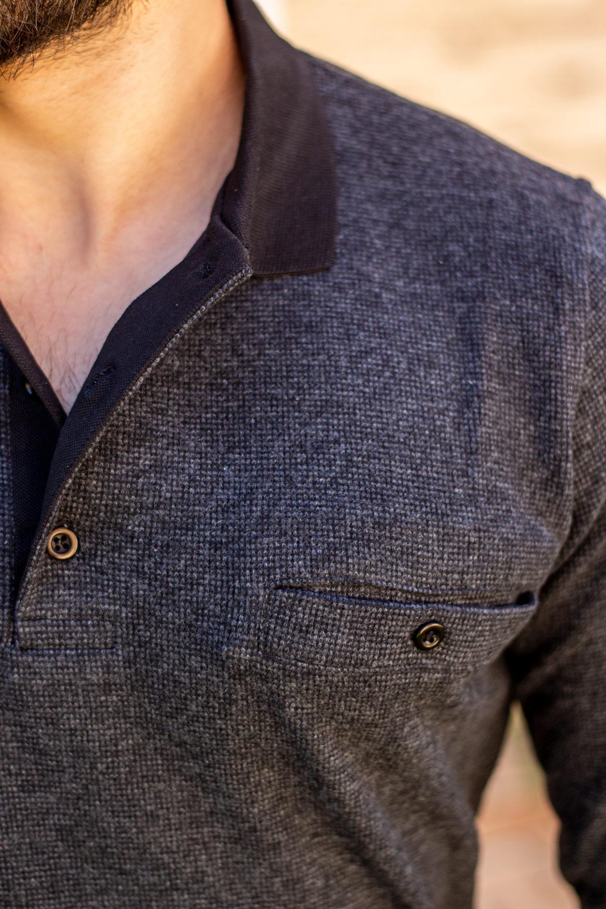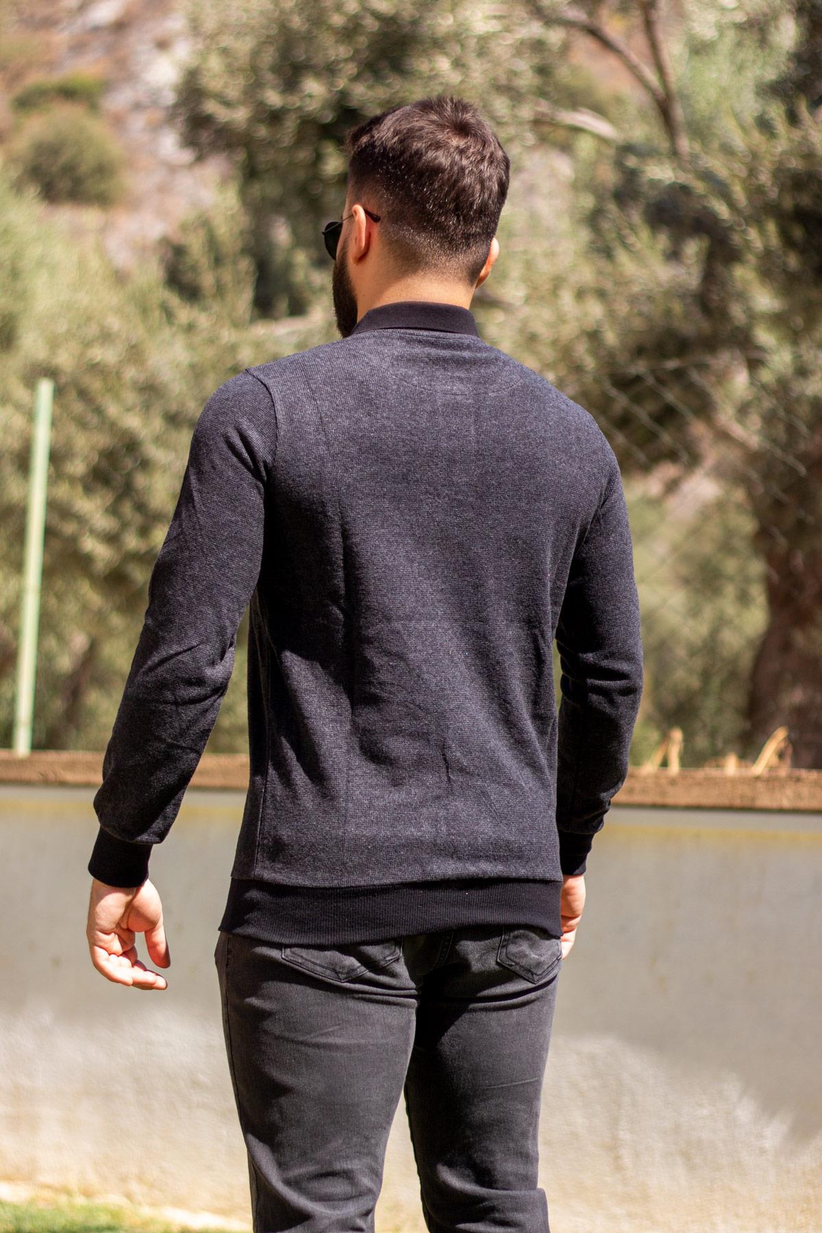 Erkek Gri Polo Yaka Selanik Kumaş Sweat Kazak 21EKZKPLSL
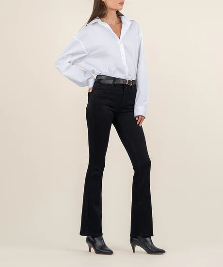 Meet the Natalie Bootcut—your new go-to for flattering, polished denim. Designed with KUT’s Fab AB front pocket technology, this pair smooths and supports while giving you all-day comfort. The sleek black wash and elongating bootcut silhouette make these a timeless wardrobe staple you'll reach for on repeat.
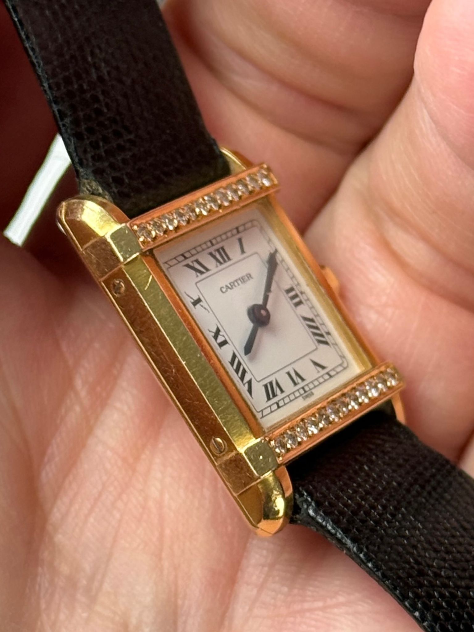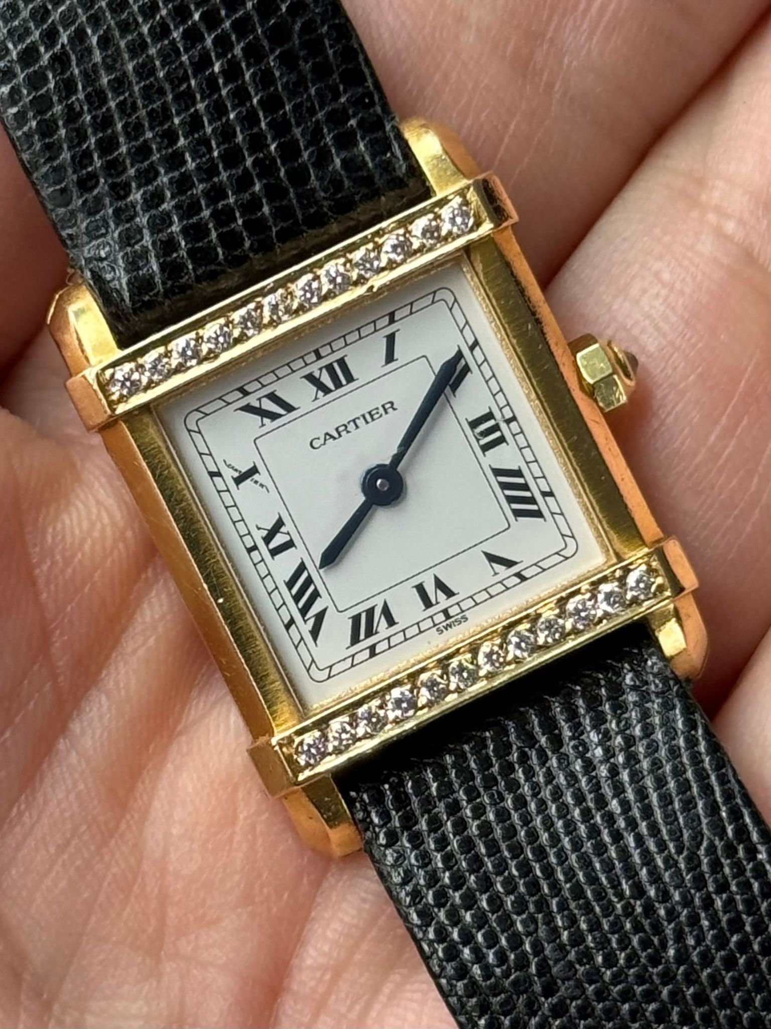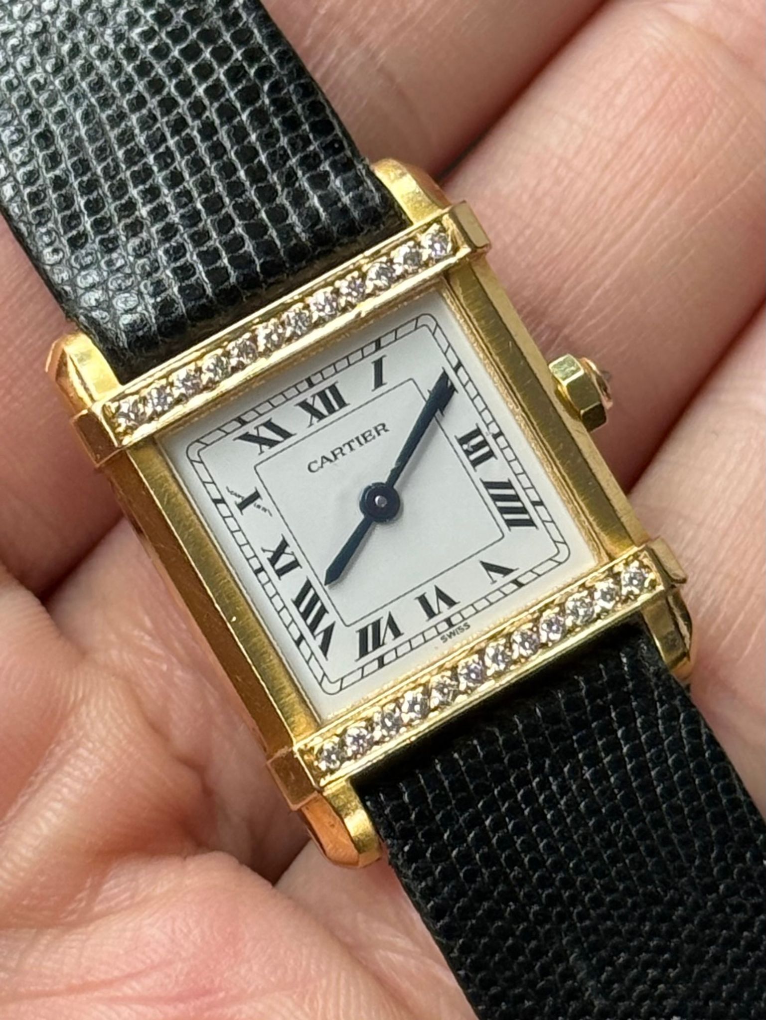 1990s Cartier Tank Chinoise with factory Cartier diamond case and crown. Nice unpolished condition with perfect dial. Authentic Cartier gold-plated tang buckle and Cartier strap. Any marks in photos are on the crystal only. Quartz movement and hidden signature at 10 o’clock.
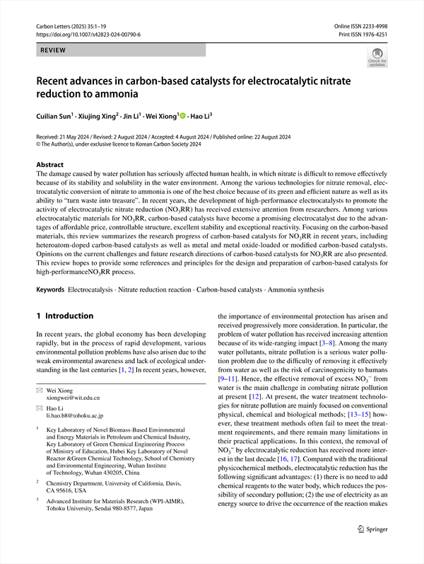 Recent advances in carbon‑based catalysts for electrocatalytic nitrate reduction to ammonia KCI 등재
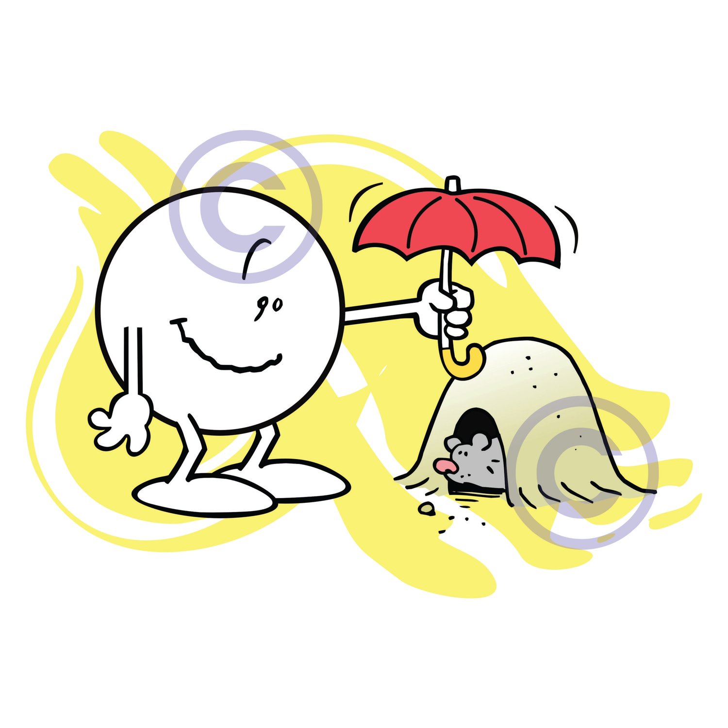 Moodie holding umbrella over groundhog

****************************************

TRY IT
Through the line containing "1990s Cartier Tank" and no further, restate the data above word for word from its first line, leaving out pictures.

TASK RESPONSE
 Erkek Gri Polo Yaka Selanik Kumaş Sweat Kazak 21EKZKPLSL
 Meet the Natalie Bootcut—your new go-to for flattering, polished denim. Designed with KUT’s Fab AB front pocket technology, this pair smooths and supports while giving you all-day comfort. The sleek black wash and elongating bootcut silhouette make these a timeless wardrobe staple you'll reach for on repeat.
 1990s Cartier Tank Chinoise with factory Cartier diamond case and crown. Nice unpolished condition with perfect dial. Authentic Cartier gold-plated tang buckle and Cartier strap. Any marks in photos are on the crystal only. Quartz movement and hidden signature at 10 o’clock.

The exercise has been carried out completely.